-- SOURCE MATERIAL follows --
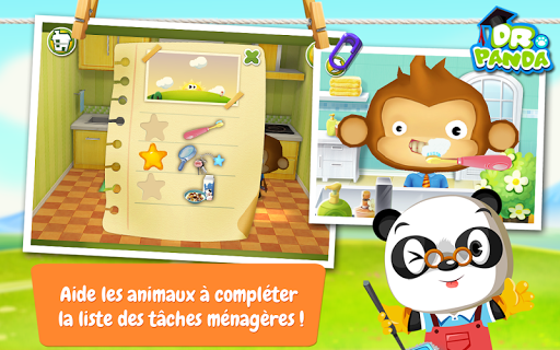 Retrouvez dans la maison de Dr. Panda, 4 amusantes histoires que vos petits doigts pourront explorer. Du matin jusqu’au soir, chaque animal est occupé à sa tâche ménagère! Nos petits joueurs pourront aider les animaux à se décharger de certaines tâches et se familiariser avec celles-ci. Grâce à cette liste de tâches à réaliser, les enfants pourront développer le sens de la responsabilité tout en s’amusant.
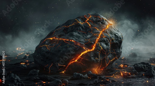 Volcanic Rock with Glowing Lava Cracks
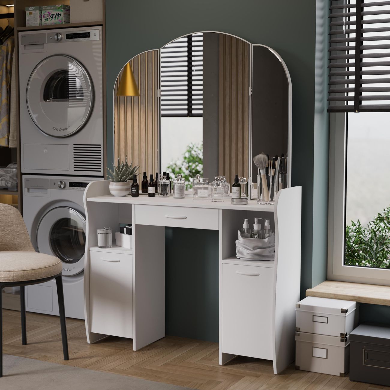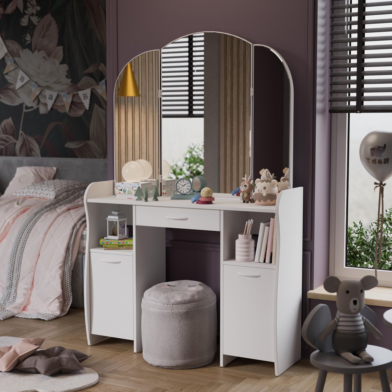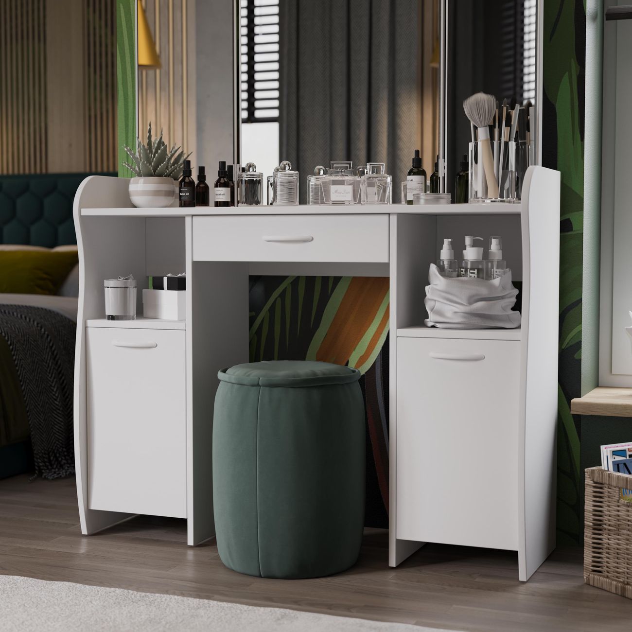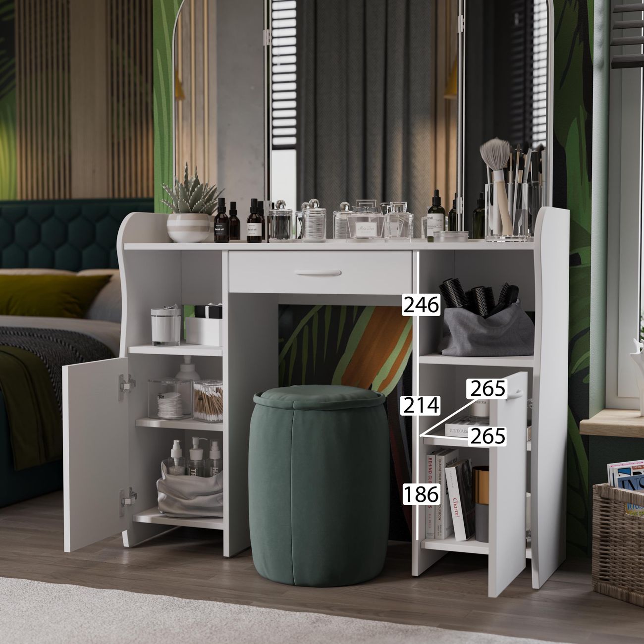 Туалетный стол София тип 2 является лучшим удобным вариантом организации места для ухода за собой и нанесения макияжа для любой девушки, разнообразие расцветок изделия позволяют приобрести подходящую модель для помещения, оформленного в любом стиле. Классический и минималистичный дизайн, сбалансированная конструкция, доступная цена. Дамский столик предназначен для размещения на нем косметики, парфюмерии, украшения и привести себя в порядок перед зеркалом. Материалы Модель оборудована удобной столешницей, выдвижным ящиком для защиты ваших косметических средств от пыли и прямых солнечных лучей, ящиками по бокам и регулируемыми зеркалами, которые придают изюминку в дизайне столика. Качественные материалы делают столик для макияжа износостойким, способным прослужить многие годы - используется экологически безопасный ЛДСП - 16 мм. Благодаря трюмо ежедневные процедуры и нанесение макияжа станет комфортнее, удобнее, практичнее и быстрее. Дополнительная информация Поставляется в разобранном виде. Все технические отверстия сделаны на производстве, фурнитура для сборки и инструкция идет в комплекте, также инструкцию Вы можете найти в карточке товара. Прежде чем приступить к сборке, необходимо убедиться в качестве, количестве и соответствии всех деталей. Если таковые выявлены, незамедлительно свяжитесь с площадкой и продавцом, для разрешения вопроса, не приступая к сбору изделия. Товар после сборки возврату и обмену не подлежит.
-- SOURCE MATERIAL concluded --
#### [EXERCISE BRIEF]
Text only, please: give the listing again word for word with no images.

#### [SOLUTION TO THIS PROBLEM]
 Retrouvez dans la maison de Dr. Panda, 4 amusantes histoires que vos petits doigts pourront explorer. Du matin jusqu’au soir, chaque animal est occupé à sa tâche ménagère! Nos petits joueurs pourront aider les animaux à se décharger de certaines tâches et se familiariser avec celles-ci. Grâce à cette liste de tâches à réaliser, les enfants pourront développer le sens de la responsabilité tout en s’amusant.
 Volcanic Rock with Glowing Lava Cracks
 Туалетный стол София тип 2 является лучшим удобным вариантом организации места для ухода за собой и нанесения макияжа для любой девушки, разнообразие расцветок изделия позволяют приобрести подходящую модель для помещения, оформленного в любом стиле. Классический и минималистичный дизайн, сбалансированная конструкция, доступная цена. Дамский столик предназначен для размещения на нем косметики, парфюмерии, украшения и привести себя в порядок перед зеркалом. Материалы Модель оборудована удобной столешницей, выдвижным ящиком для защиты ваших косметических средств от пыли и прямых солнечных лучей, ящиками по бокам и регулируемыми зеркалами, которые придают изюминку в дизайне столика. Качественные материалы делают столик для макияжа износостойким, способным прослужить многие годы - используется экологически безопасный ЛДСП - 16 мм. Благодаря трюмо ежедневные процедуры и нанесение макияжа станет комфортнее, удобнее, практичнее и быстрее. Дополнительная информация Поставляется в разобранном виде. Все технические отверстия сделаны на производстве, фурнитура для сборки и инструкция идет в комплекте, также инструкцию Вы можете найти в карточке товара. Прежде чем приступить к сборке, необходимо убедиться в качестве, количестве и соответствии всех деталей. Если таковые выявлены, незамедлительно свяжитесь с площадкой и продавцом, для разрешения вопроса, не приступая к сбору изделия. Товар после сборки возврату и обмену не подлежит.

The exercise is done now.